Limitations of this proof of concept study include some simulated data elements in
the PHD not currently available from live data sources (but available soon), the simulated
patient and visit (which decreased realism but had the advantage of standardizing
the evaluation), the relatively small sample size, and the participants' lack of familiarity
with the PHD (which if anything could bias the results in favor of usual care). The
relatively low participation rate may limit the generalizability (but not the internal
validity) of the findings. The participants could not be blinded to intervention status,
which could affect subjective outcomes such as cognitive load, but the primary outcome
was adjudicated by two blinded investigators. One might argue that the case was designed
to emphasize the strengths of the PHD, but there is nothing unusual about the case
or the PHD elements to suggest that this actually occurred. Finally, a predesigned
evaluation such as this one might hide potential limitations of the intervention;
future studies should include qualitative input from users to avoid such bias.

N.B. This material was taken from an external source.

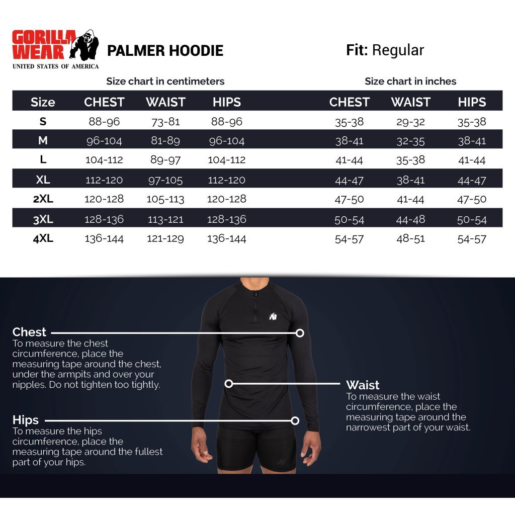 Mikina Palmer je vhodná v různých situacích, ať už jste v posilovně, cvičíte venku nebo si užíváte dny volna. Je vyrobena ze směsi bavlny a spandexu, díky čemuž je mikina příjemná a pružná. To zajišťuje optimální rozsah pohybu. Mikina má kapuci se stahovací šňůrkou, elastické patenty a sítotiskové logo Gorilla Wear na hrudi. Dostupné v černé a šedé barvě.

Health care today faces two critical challenges: information overload and provider
frustration and burnout.[14]
[15] Using cognitive science to navigate information overload to decrease frustration
while increasing performance can impact patient outcomes and provider experience.
Understanding cognitive science when designing information presentation systems is
critical to future health care delivery as complexity increases. Further randomized
controlled trials with all live data and real patient interactions are necessary to
draw further conclusions.
Clinical Relevance Statement
Acknowledging cognitive limitations and designing information presentation with these
limitations in mind allows providers to perform most optimally. Considering cognitive
load theory and consulting human factors experts when developing information technology
is important as the amount of information providers are processing increases.